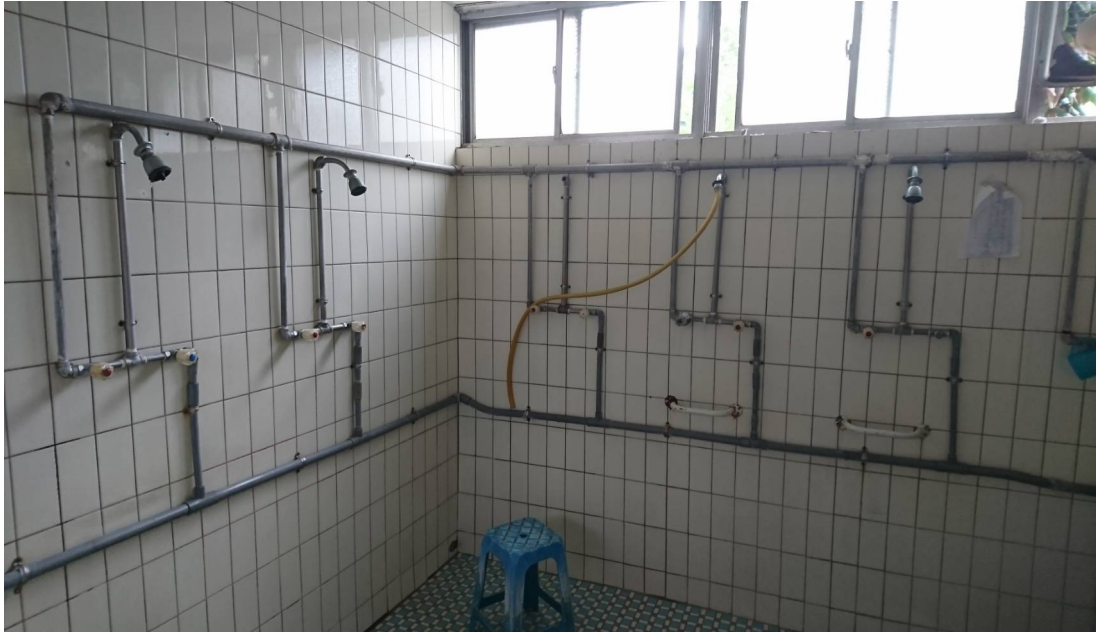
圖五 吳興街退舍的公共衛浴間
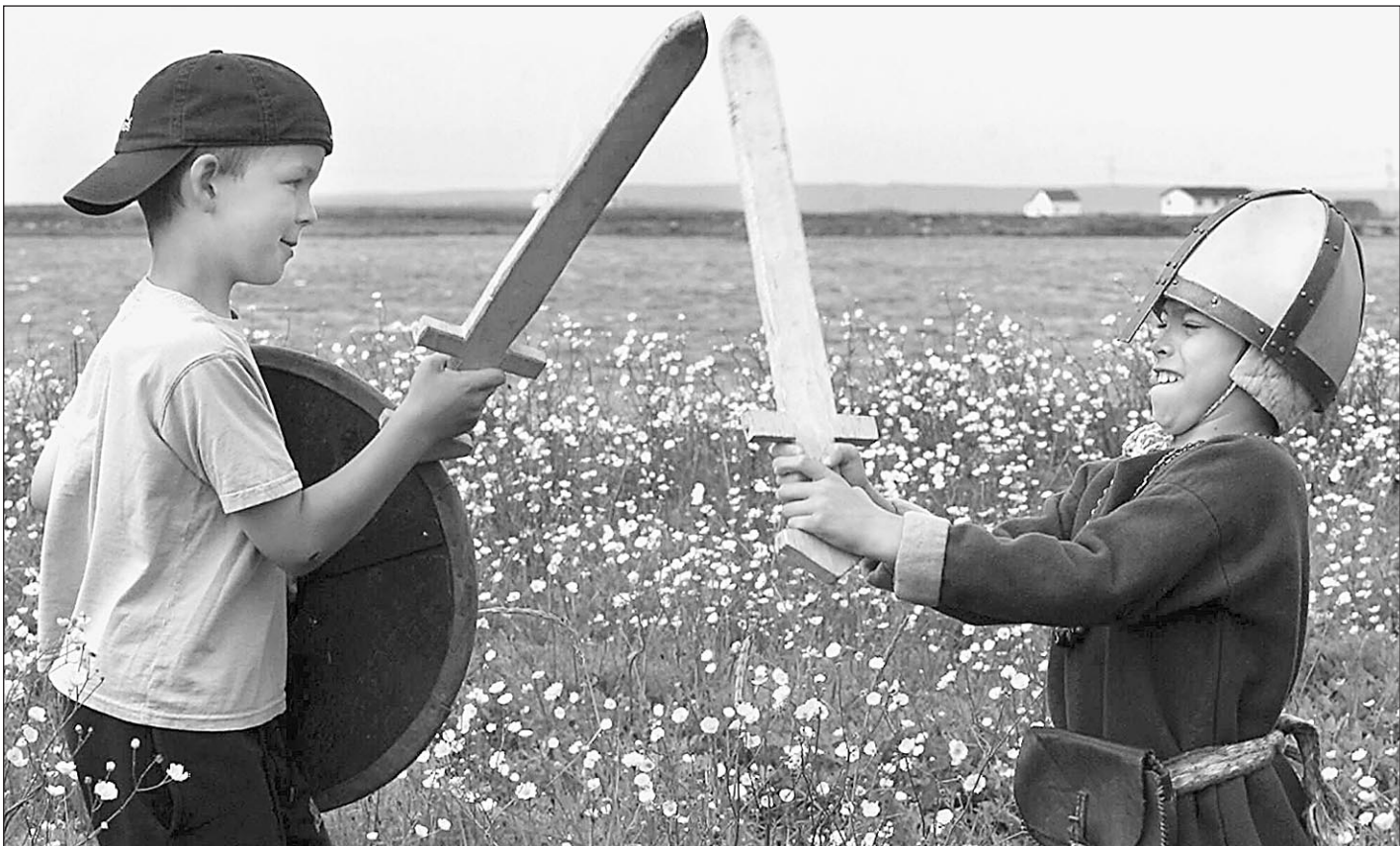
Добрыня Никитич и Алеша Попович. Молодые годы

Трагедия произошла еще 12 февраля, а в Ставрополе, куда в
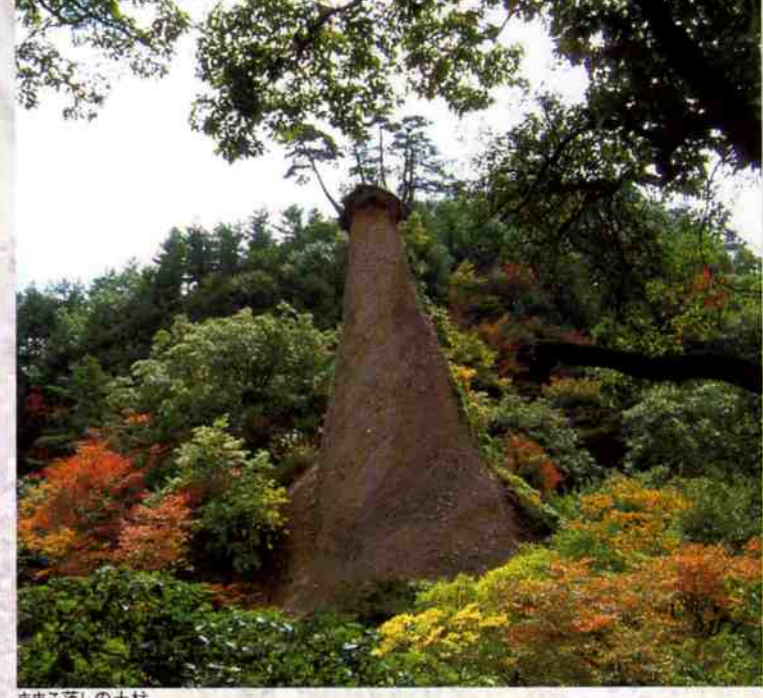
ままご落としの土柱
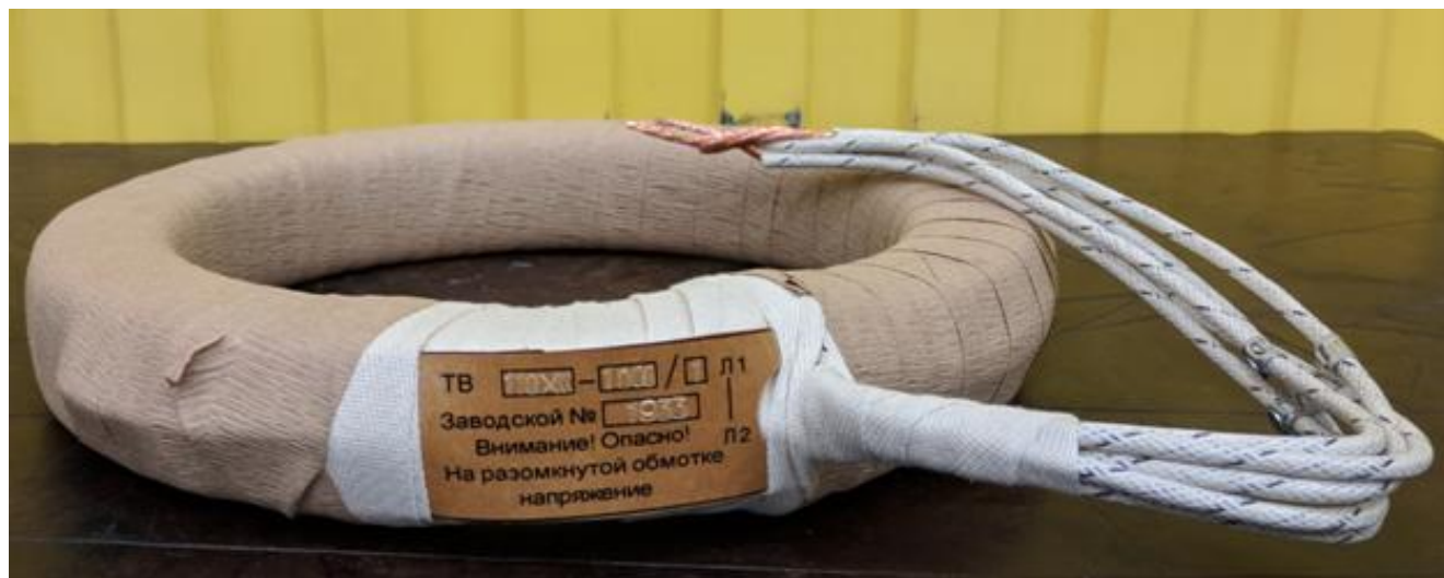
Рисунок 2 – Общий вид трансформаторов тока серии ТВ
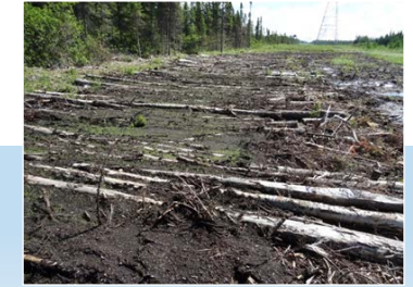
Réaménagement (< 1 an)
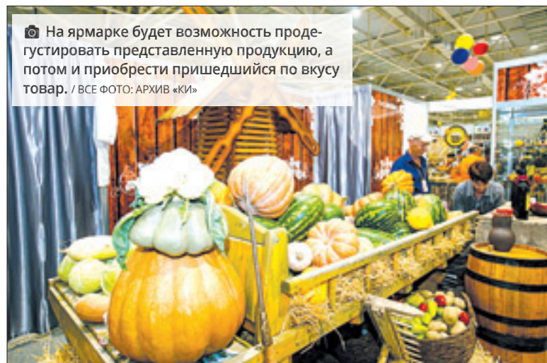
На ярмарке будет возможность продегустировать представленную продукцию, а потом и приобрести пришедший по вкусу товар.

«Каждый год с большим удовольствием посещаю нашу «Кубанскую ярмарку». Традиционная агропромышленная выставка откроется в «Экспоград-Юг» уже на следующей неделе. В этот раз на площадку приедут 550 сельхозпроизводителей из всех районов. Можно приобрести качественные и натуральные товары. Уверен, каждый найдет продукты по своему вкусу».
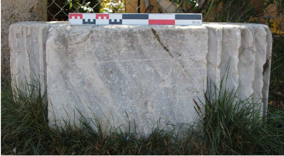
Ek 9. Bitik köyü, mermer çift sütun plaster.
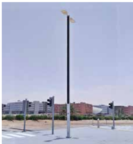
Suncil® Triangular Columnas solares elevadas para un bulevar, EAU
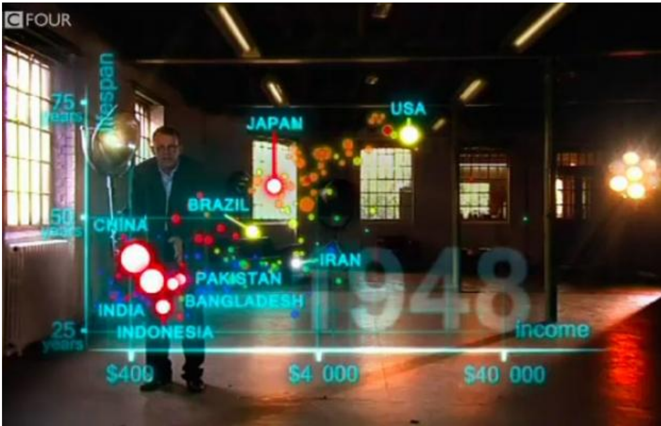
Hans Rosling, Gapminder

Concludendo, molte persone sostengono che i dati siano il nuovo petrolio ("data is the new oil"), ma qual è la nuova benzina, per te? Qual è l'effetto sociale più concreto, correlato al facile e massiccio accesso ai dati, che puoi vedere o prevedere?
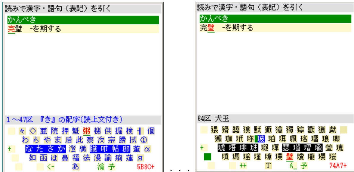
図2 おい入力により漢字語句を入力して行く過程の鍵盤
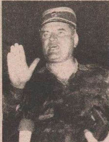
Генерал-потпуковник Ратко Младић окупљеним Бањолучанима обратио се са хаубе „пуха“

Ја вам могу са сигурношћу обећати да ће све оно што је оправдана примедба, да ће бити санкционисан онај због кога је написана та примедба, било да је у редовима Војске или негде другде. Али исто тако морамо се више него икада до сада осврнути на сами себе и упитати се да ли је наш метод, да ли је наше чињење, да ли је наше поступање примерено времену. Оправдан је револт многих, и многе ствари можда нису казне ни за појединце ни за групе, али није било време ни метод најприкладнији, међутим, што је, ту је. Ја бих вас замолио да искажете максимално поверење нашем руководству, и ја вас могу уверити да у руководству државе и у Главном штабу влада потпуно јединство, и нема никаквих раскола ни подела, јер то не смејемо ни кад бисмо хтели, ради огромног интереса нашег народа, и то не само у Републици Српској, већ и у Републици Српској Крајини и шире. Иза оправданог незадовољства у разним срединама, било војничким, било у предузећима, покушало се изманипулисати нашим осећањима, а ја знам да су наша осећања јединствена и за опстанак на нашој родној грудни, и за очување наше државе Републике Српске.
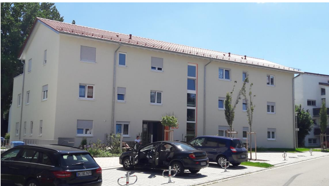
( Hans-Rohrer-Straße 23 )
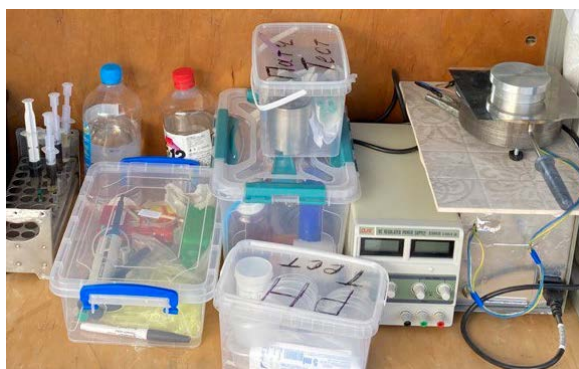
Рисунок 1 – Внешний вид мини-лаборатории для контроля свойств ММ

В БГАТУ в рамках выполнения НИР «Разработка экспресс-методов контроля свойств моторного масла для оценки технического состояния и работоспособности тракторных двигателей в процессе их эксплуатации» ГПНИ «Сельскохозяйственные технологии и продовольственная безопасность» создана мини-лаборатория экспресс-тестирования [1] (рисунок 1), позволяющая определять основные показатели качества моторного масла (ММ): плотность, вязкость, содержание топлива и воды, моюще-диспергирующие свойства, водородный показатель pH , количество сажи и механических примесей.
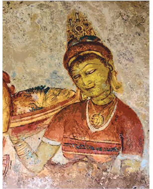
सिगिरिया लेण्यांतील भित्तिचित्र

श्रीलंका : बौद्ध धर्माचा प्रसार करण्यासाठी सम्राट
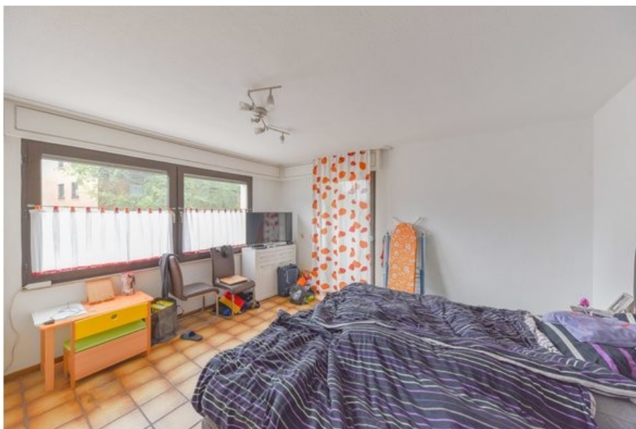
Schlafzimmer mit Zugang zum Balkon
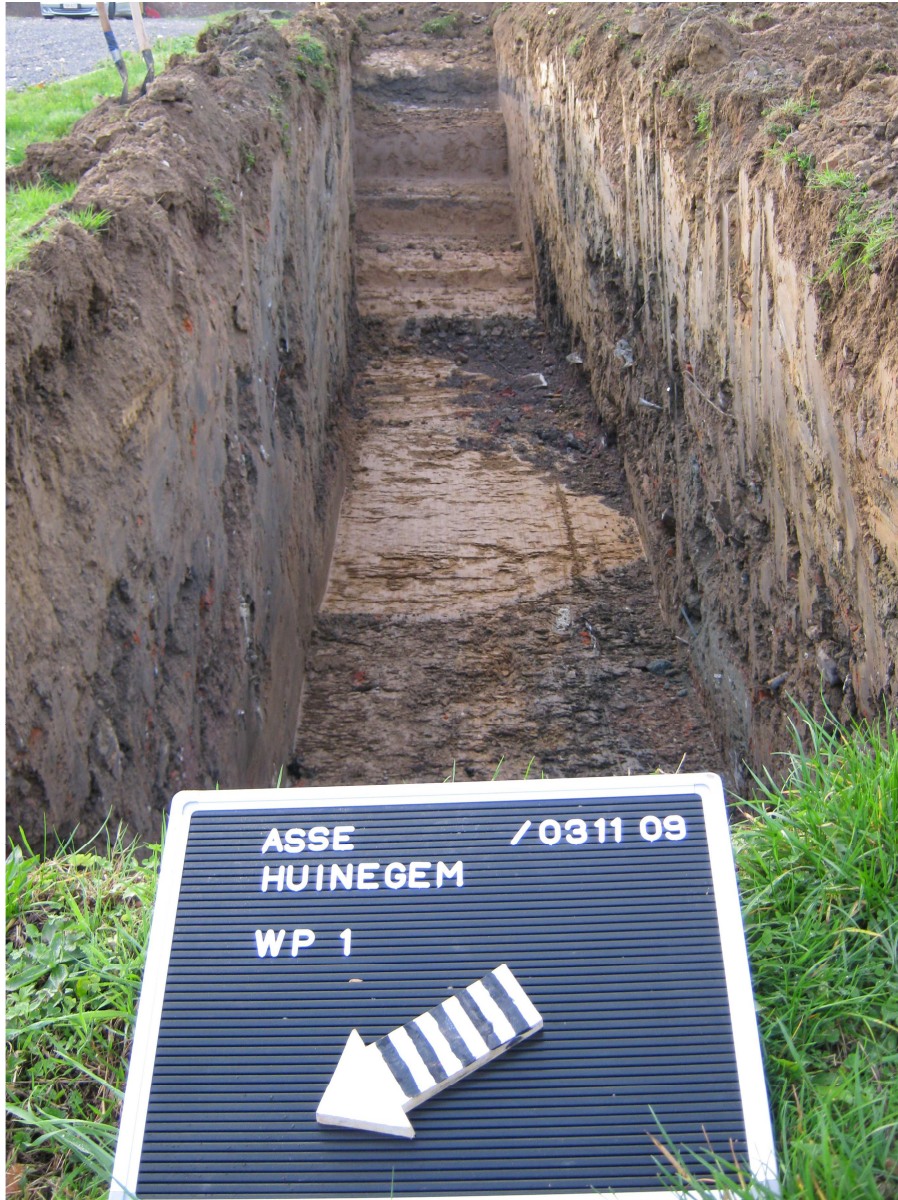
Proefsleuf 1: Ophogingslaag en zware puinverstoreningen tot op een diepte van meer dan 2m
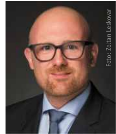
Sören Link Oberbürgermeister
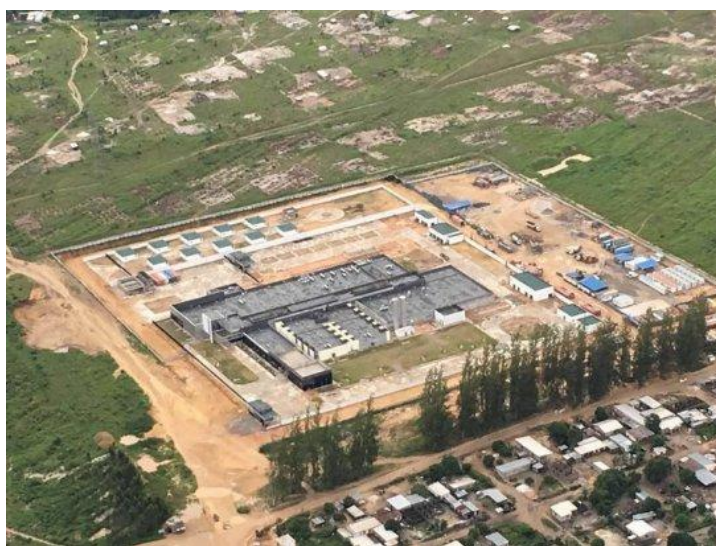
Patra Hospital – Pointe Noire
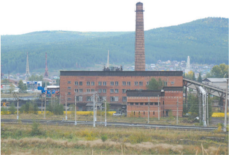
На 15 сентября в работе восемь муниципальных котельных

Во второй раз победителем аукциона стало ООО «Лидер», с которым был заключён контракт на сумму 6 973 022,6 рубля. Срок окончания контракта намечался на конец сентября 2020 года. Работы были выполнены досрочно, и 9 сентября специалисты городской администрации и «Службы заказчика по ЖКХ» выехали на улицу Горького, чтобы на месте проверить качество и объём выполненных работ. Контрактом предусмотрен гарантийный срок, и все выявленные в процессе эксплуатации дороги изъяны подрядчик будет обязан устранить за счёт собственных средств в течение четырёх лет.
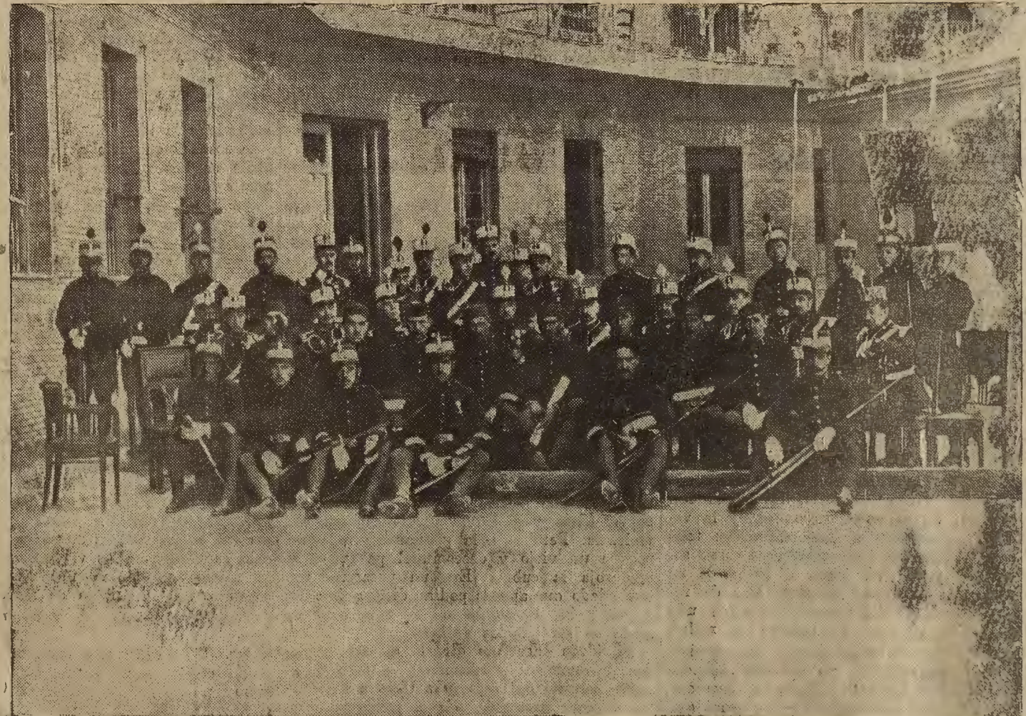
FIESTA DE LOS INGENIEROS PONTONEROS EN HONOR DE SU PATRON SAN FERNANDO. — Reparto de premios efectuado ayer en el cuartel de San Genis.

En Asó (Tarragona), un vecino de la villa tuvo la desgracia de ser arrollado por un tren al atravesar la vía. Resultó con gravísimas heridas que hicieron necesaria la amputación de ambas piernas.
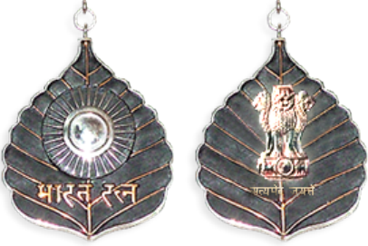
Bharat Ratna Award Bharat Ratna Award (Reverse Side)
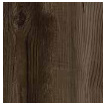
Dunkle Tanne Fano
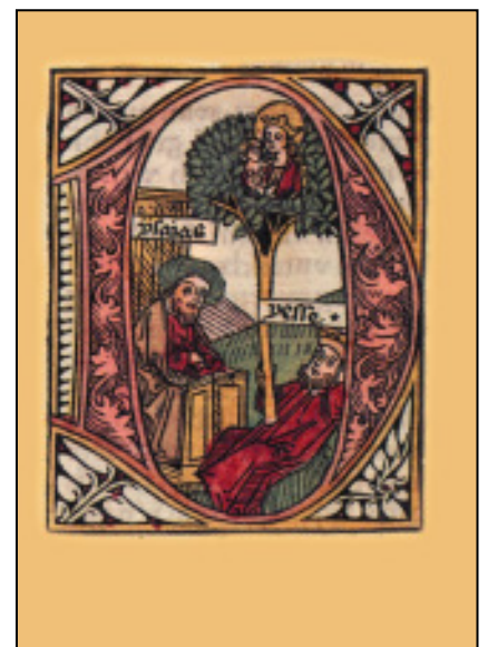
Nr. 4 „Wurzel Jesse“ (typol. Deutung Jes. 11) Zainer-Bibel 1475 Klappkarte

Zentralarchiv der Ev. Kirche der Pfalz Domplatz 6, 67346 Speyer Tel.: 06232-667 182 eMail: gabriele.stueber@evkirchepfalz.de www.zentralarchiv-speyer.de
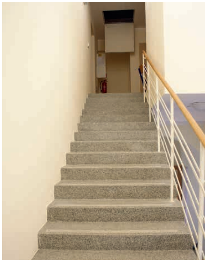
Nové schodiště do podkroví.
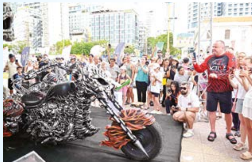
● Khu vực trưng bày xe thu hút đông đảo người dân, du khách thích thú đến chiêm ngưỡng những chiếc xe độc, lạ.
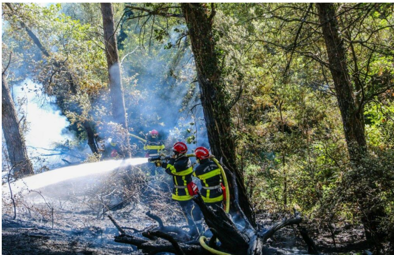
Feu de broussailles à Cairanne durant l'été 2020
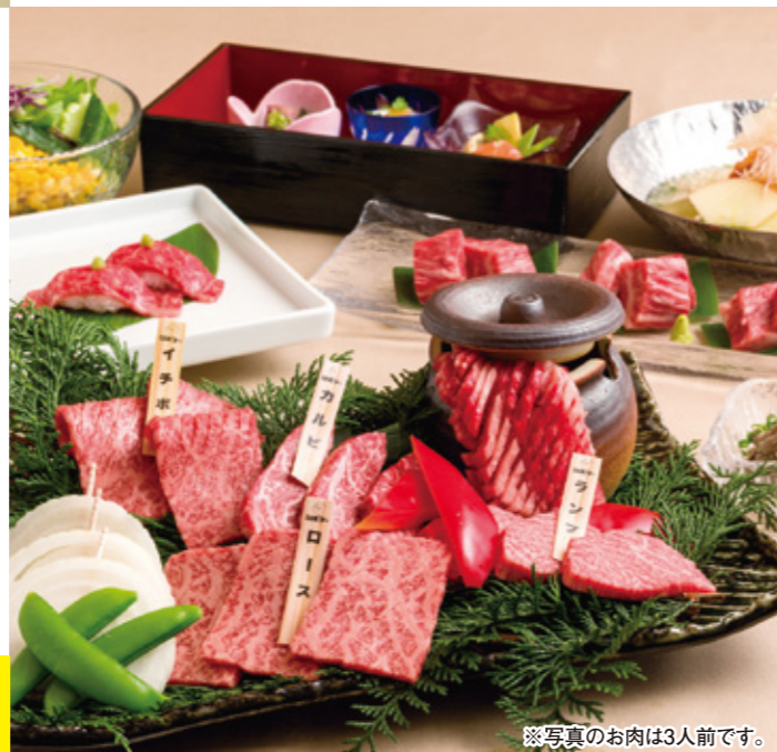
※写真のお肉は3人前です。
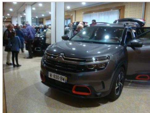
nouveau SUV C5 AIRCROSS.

------

▸ About this exercise
Look through the entries above for the word "Hans". Copy every line where it shows up.

▸ Answer to this task
Hans Rosling, Gapminder
( Hans-Rohrer-Straße 23 )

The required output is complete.